For \(m\) integer \(\neq 1\) which can be negative or positive, the ode is\begin {equation} \frac {dy}{dx}=\left ( a+bx+cy\right ) ^{m} \tag {1} \end {equation} Let \(z=a+bx+cy\) then\begin {align*} \frac {dz}{dx} & =b+c\frac {dy}{dx}\\ \frac {dy}{dx} & =\left ( \frac {dz}{dx}-b\right ) \frac {1}{c} \end {align*}
Hence (1) becomes\begin {align} \left ( \frac {dz}{dx}-b\right ) \frac {1}{c} & =z^{m}\nonumber \\ \frac {dz}{dx} & =cz^{m}+b\nonumber \\ \int \frac {dz}{cz^{m}+b} & =\int dx \tag {2} \end {align}
If the left side is integrable, then the solution to (1) can be found.
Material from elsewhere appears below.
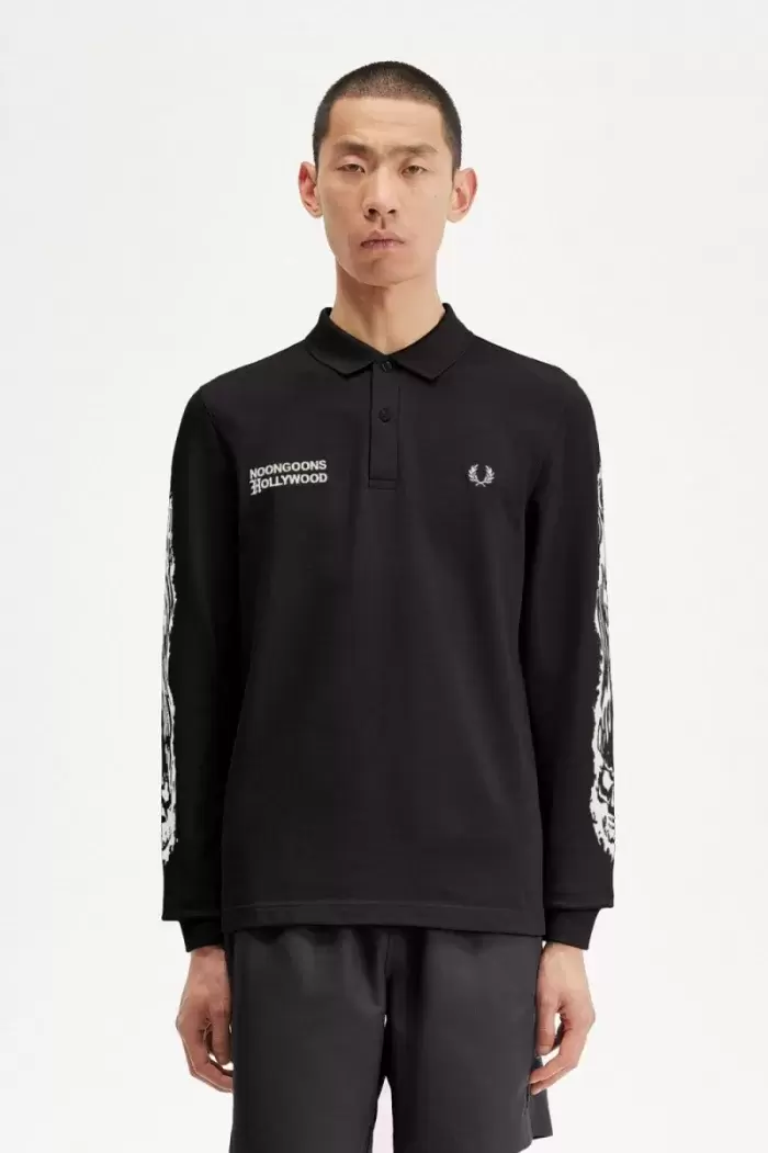 Noongoons Uzun Kollu Grafik Erkek Polo Tişörtü

For \(m\) integer it is possible to find antiderivative. For example for \(n=2\) then (2) becomes\[ \frac {1}{\sqrt {bc}}\arctan \left ( \sqrt {\frac {c}{b}}z\right ) =x+C_{1}\] Replacing back \(z=a+bx+cy\) the above becomes\begin {equation} \frac {1}{\sqrt {bc}}\arctan \left ( \sqrt {\frac {c}{b}}\left ( a+bx+cy\right ) \right ) =x+C_{1} \tag {3} \end {equation} Which is the implicit solution to (1).
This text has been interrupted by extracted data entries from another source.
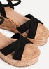 Linzi Vivid Black Faux Suede Crossover Cork Wedge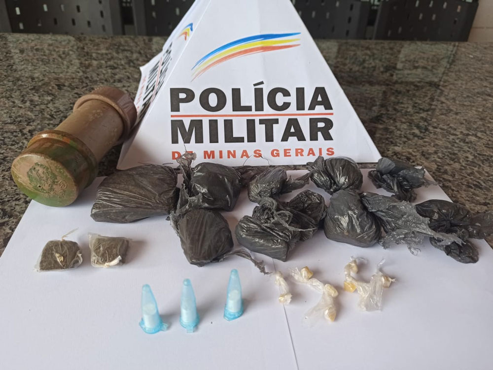 Uma denúncia anônima nessa quarta-feira (8) informou que um homem teria enterrado certa quantidade de drogas debaixo de uma plantação de mamonas em um terreno baldio, na rua Angico, no bairro Aparecida do Norte. Os militares compareceram ao local e, após busca no local, foram localizados nove tabletes de maconha, duas buchas de maconha, três pinos de cocaína e oito pedras de crack.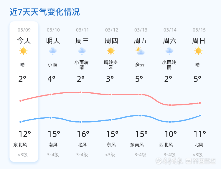 今天是2026年3月9日,星期一,农历正月廿一。济宁市迎来晴朗天气,气温在2℃至12℃之间,西北风1级,空气湿度较高,PM2.5指数为132。全市各区天气情况一致,均为晴朗天气,适合市民户外活动。

for \(m=2\). For an example, for \(a=1,b=1,c=1\) Eq. (1) becomes\[ \frac {dy}{dx}=\left ( 1+x+y\right ) ^{2}\] And (3) becomes\begin {align} \arctan \left ( 1+x+y\right ) & =x+C_{1}\nonumber \\ 1+x+y & =\tan \left ( x+C_{1}\right ) \nonumber \\ y & =\tan \left ( x+C_{1}\right ) -1-x \tag {4} \end {align}
And for \(m=3\) Eq. (2) becomes\[ \frac {-1}{6b^{\frac {2}{3}}c^{\frac {1}{3}}}\left ( 2\sqrt {3}\arctan \left ( \frac {1-2\left ( \frac {c}{b}\right ) ^{\frac {1}{3}}z}{\sqrt {3}}\right ) -2\ln \left ( b^{\frac {1}{3}}+c^{\frac {1}{3}}z\right ) +\ln \left ( b^{\frac {2}{3}}-b^{\frac {1}{3}}c^{\frac {1}{3}}+c^{\frac {2}{3}}z^{2}\right ) \right ) =x+C_{1}\] Replacing back \(z=a+bx+cy\) the above becomes\begin {equation} \frac {-1}{6b^{\frac {2}{3}}c^{\frac {1}{3}}}\left ( 2\sqrt {3}\arctan \left ( \frac {1-2\left ( \frac {c}{b}\right ) ^{\frac {1}{3}}\left ( a+bx+cy\right ) }{\sqrt {3}}\right ) -2\ln \left ( b^{\frac {1}{3}}+c^{\frac {1}{3}}\left ( a+bx+cy\right ) \right ) +\ln \left ( b^{\frac {2}{3}}-b^{\frac {1}{3}}c^{\frac {1}{3}}+c^{\frac {2}{3}}\left ( a+bx+cy\right ) ^{2}\right ) \right ) =x+C_{1} \tag {5} \end {equation} Which is the implicit solution to (1) for \(m=3\). Using \(a=1,b=1,c=1\) then (1) becomes\[ \frac {dy}{dx}=\left ( 1+x+y\right ) ^{3}\] And its solution (5) now simplifies to\[ \frac {-1}{6}\left ( 2\sqrt {3}\arctan \left ( \frac {1-2\left ( 1+x+y\right ) }{\sqrt {3}}\right ) -2\ln \left ( 2+x+y\right ) +\ln \left ( \left ( 1+x+y\right ) ^{2}\right ) \right ) =x+C_{1}\] And so on for higher values of \(m\), but solution get complicated very quickly. This method also works for negative \(m\).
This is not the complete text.